TASK ITEM:
Give again, exactly as written, the lines of the records below from the line with "One Set Crop" to the line with "Сушили пять часов". Both end lines count; pictures do not.

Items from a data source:
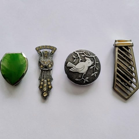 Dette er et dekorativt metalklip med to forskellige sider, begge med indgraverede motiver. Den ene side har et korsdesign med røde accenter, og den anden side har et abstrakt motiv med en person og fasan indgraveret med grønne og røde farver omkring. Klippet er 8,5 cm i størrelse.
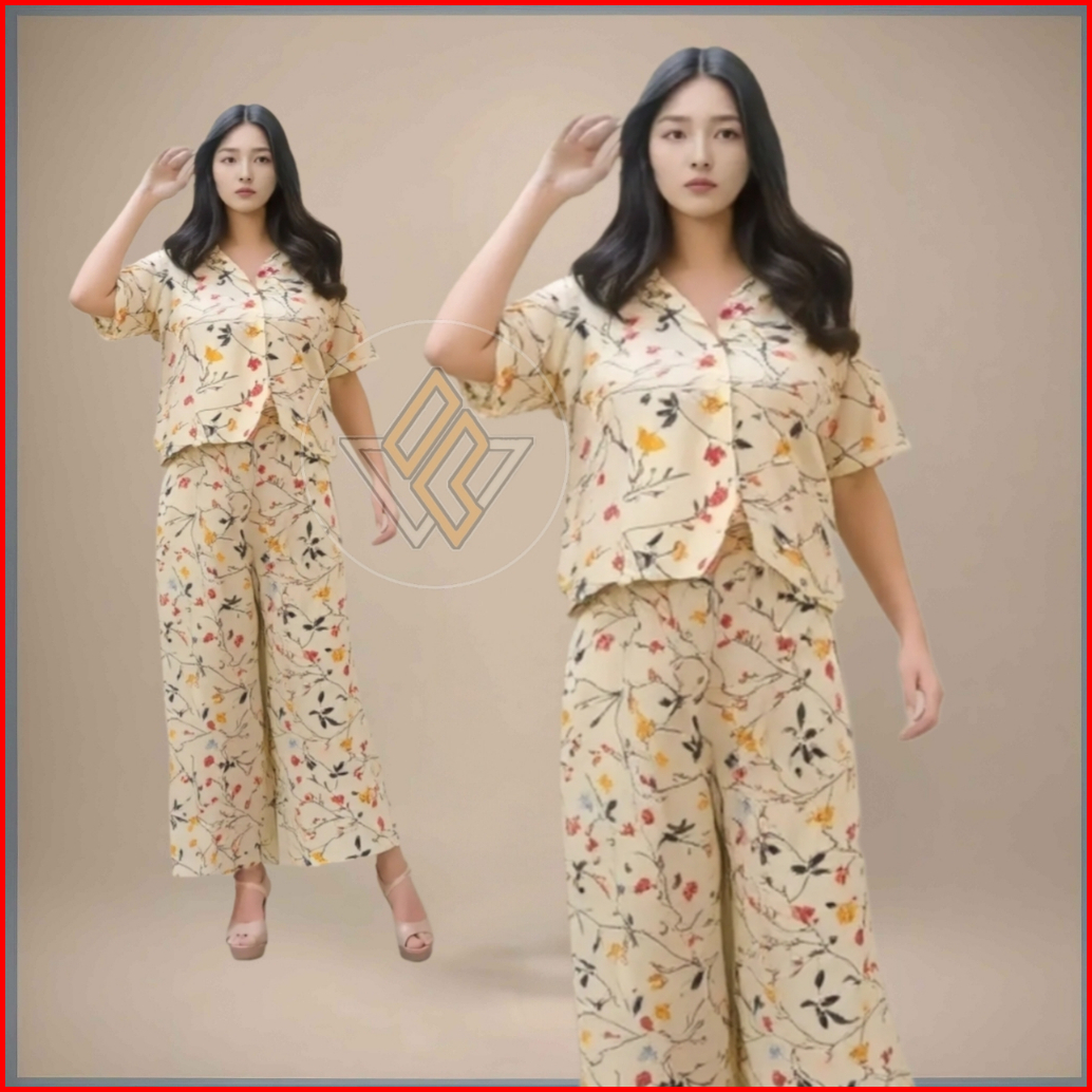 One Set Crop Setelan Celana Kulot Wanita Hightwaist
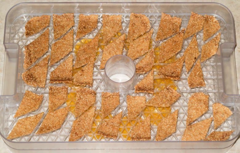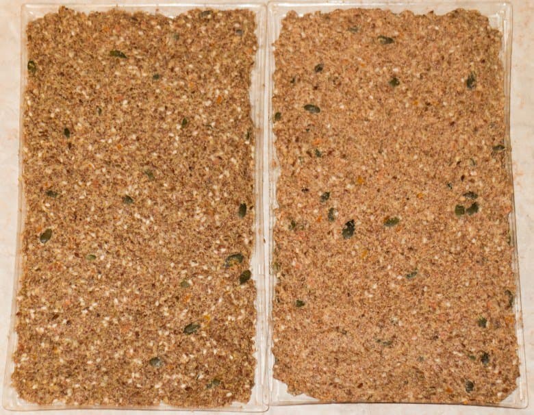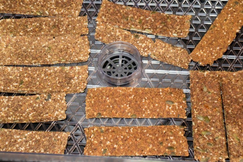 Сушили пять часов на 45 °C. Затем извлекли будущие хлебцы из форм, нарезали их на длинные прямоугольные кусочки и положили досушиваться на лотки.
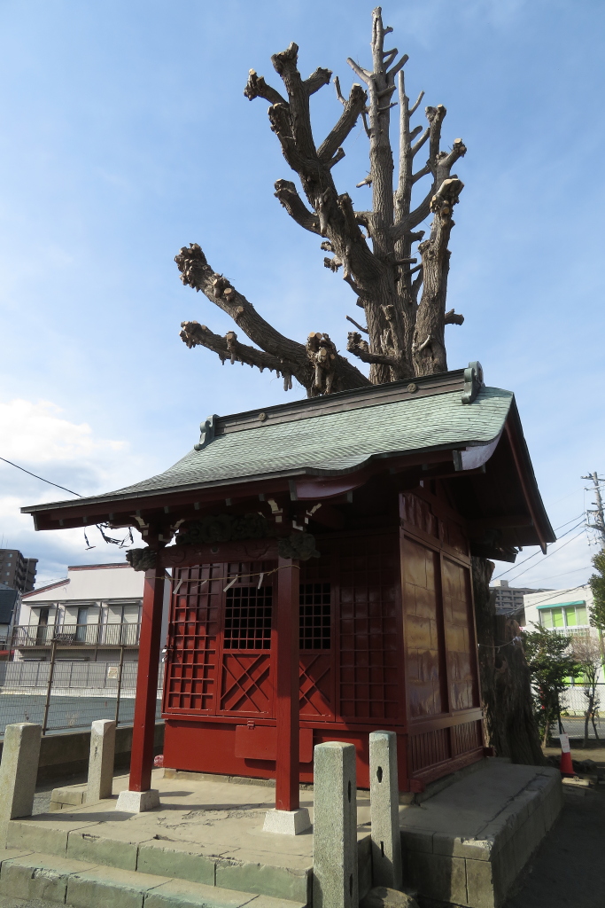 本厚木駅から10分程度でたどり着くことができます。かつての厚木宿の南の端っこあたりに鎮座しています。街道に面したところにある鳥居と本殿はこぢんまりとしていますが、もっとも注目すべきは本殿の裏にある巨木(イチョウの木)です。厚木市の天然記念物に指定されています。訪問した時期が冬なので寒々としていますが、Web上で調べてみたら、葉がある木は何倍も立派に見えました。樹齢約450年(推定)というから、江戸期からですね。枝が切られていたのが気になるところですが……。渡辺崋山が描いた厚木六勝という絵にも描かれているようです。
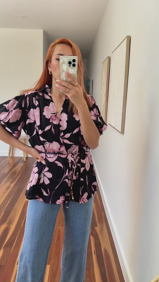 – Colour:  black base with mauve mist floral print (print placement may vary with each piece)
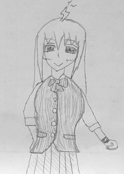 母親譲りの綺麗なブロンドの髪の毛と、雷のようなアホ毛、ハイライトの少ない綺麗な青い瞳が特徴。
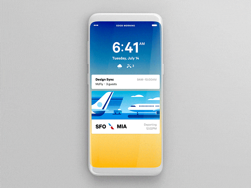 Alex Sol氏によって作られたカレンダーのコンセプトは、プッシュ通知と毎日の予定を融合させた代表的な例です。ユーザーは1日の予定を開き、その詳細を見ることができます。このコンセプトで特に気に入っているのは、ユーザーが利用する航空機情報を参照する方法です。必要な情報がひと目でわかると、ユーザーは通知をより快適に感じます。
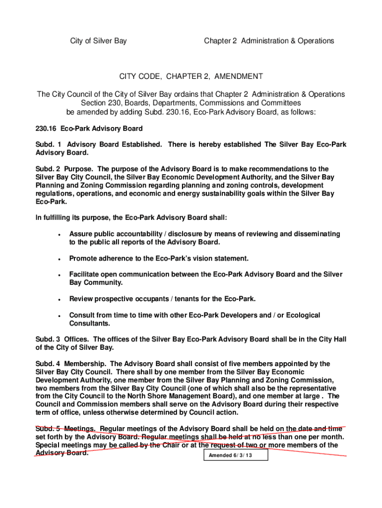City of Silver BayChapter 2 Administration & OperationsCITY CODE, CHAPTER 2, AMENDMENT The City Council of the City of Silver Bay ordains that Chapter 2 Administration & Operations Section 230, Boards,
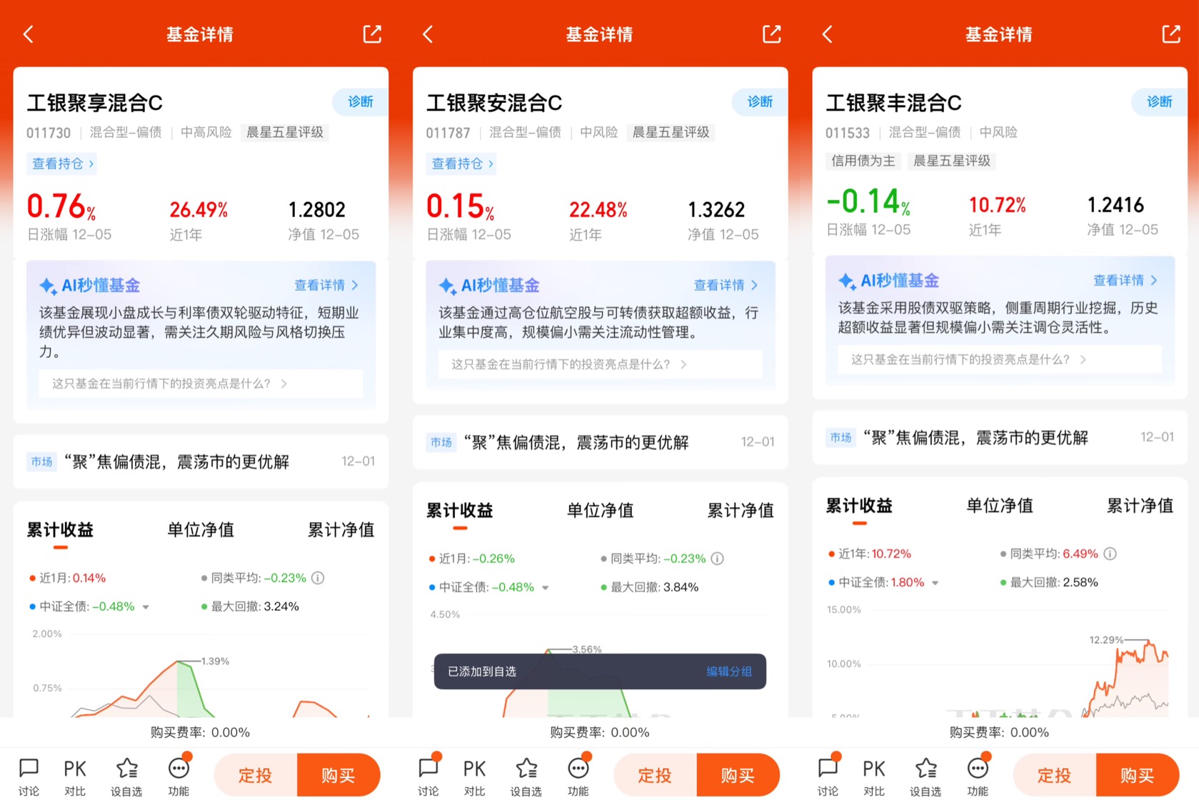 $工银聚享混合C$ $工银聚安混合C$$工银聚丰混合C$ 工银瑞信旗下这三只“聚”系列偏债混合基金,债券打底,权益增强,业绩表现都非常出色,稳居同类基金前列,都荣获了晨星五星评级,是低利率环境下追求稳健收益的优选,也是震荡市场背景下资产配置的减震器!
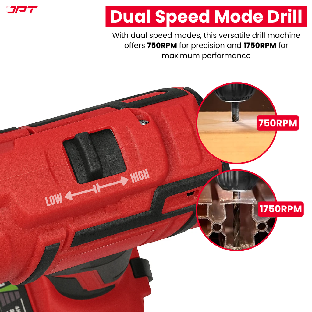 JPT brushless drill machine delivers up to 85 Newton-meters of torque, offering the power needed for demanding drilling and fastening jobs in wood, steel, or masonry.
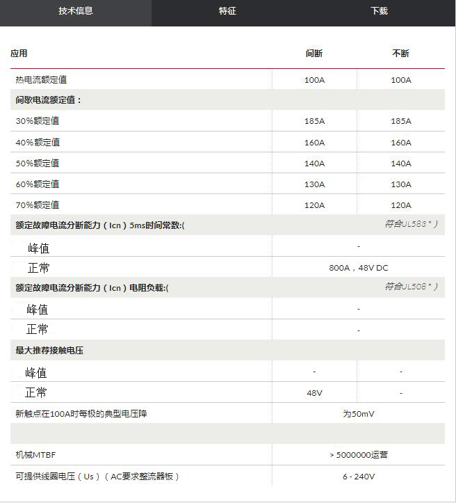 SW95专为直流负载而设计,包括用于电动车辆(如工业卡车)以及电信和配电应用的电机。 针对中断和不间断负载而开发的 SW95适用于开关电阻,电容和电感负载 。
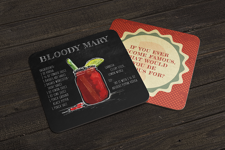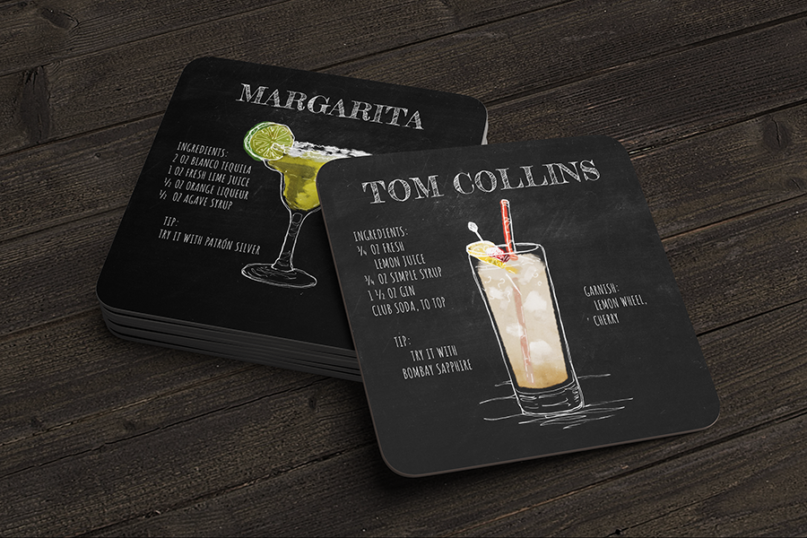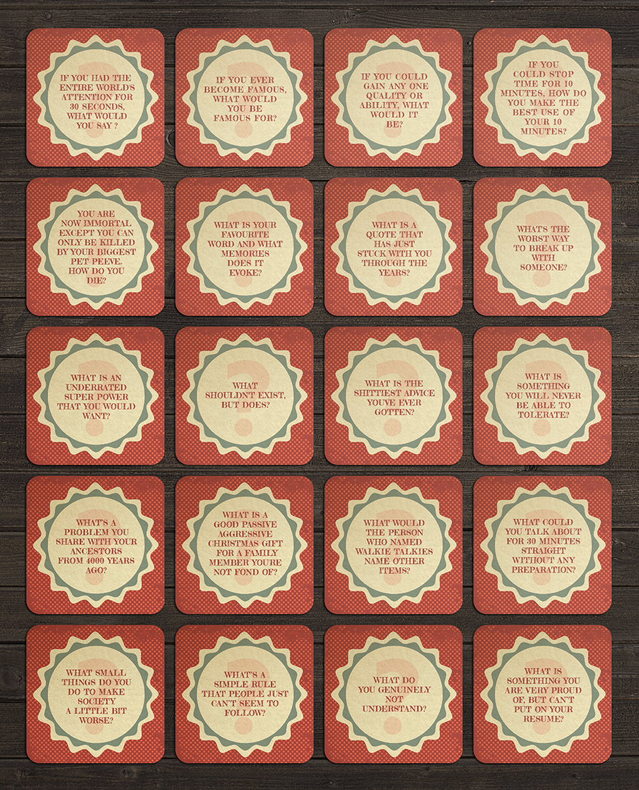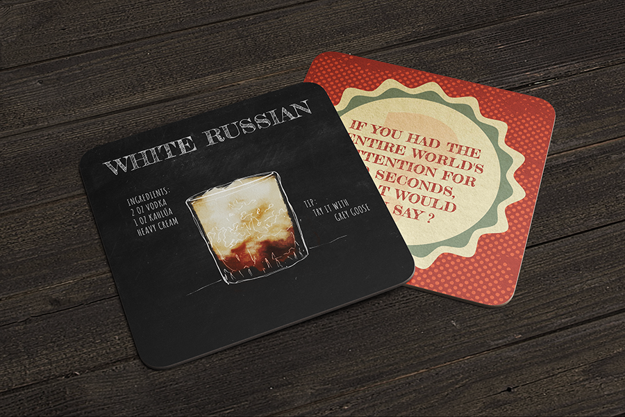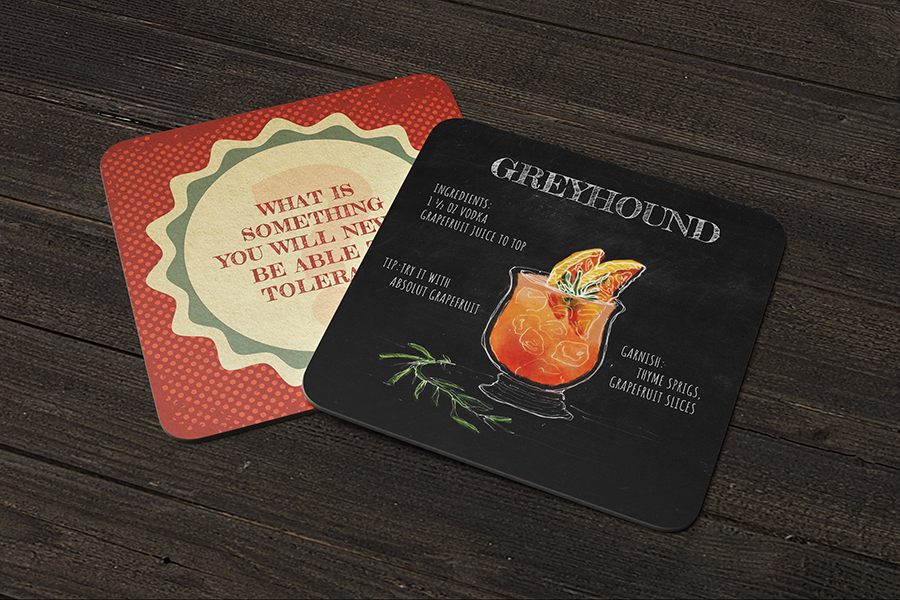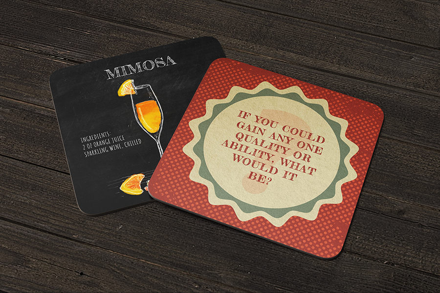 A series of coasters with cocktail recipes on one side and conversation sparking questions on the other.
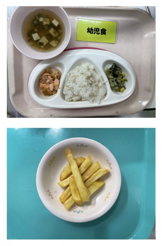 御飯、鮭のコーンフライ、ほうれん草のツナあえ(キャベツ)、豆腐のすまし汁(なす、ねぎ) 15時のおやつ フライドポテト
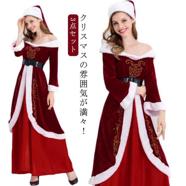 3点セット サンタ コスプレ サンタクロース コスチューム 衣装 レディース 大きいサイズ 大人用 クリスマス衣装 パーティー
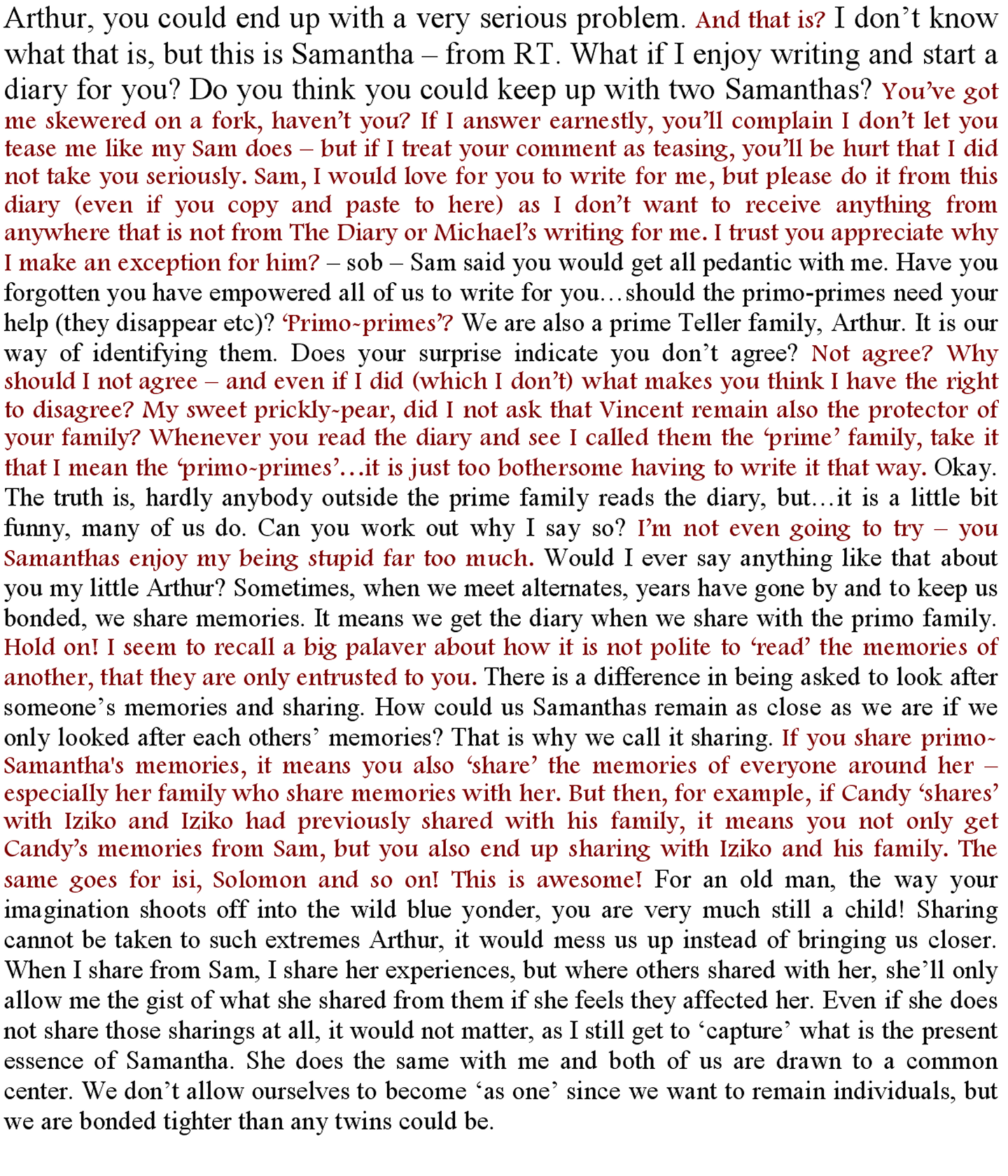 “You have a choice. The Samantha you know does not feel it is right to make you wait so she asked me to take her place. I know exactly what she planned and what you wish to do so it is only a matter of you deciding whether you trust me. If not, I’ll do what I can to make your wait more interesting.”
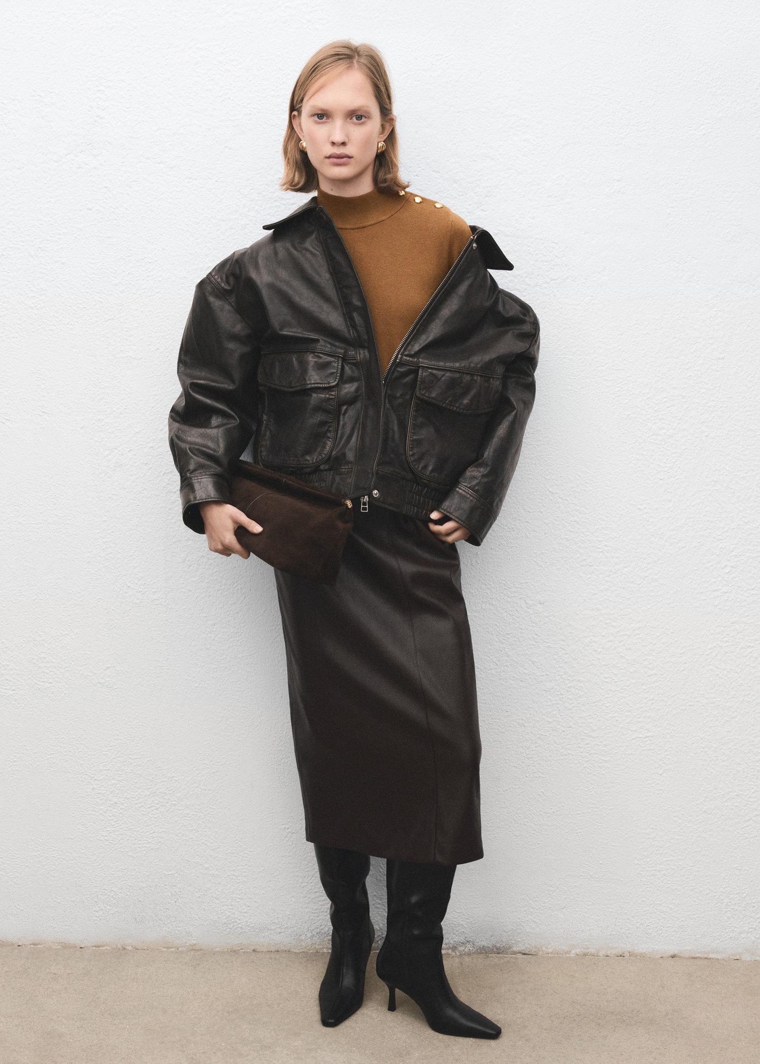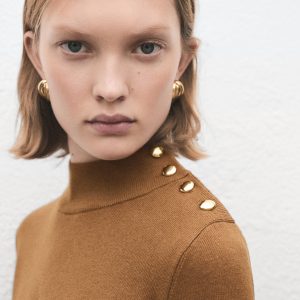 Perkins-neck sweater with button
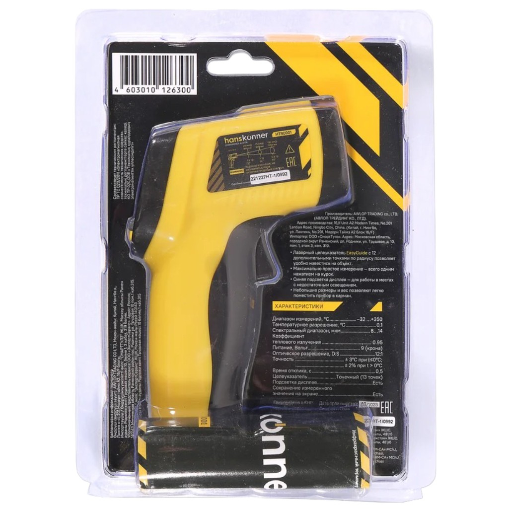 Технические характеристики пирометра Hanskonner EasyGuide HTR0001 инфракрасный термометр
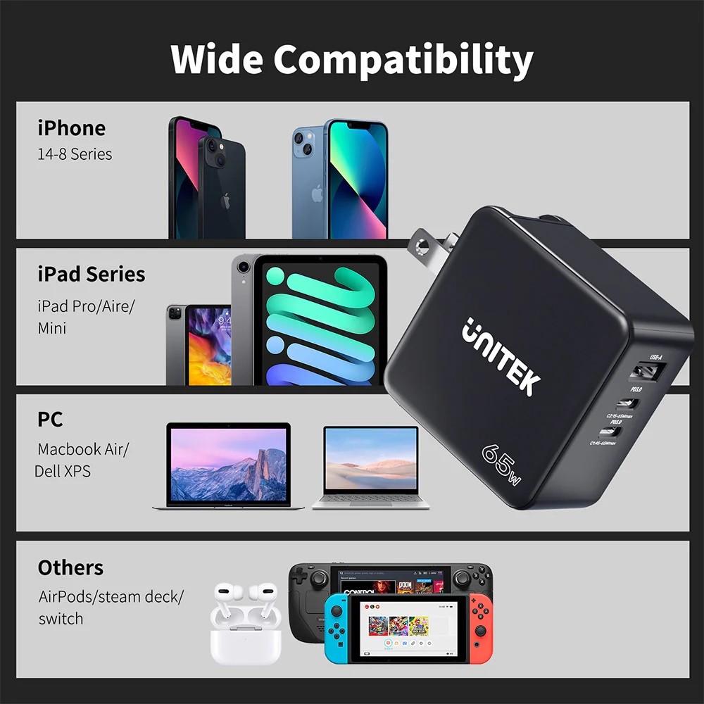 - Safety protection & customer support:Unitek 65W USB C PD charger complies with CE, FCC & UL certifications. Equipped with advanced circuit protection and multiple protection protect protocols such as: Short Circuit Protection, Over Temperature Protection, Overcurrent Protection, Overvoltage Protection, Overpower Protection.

EXERCISE OUTPUT:
 One Set Crop Setelan Celana Kulot Wanita Hightwaist
 Сушили пять часов на 45 °C. Затем извлекли будущие хлебцы из форм, нарезали их на длинные прямоугольные кусочки и положили досушиваться на лотки.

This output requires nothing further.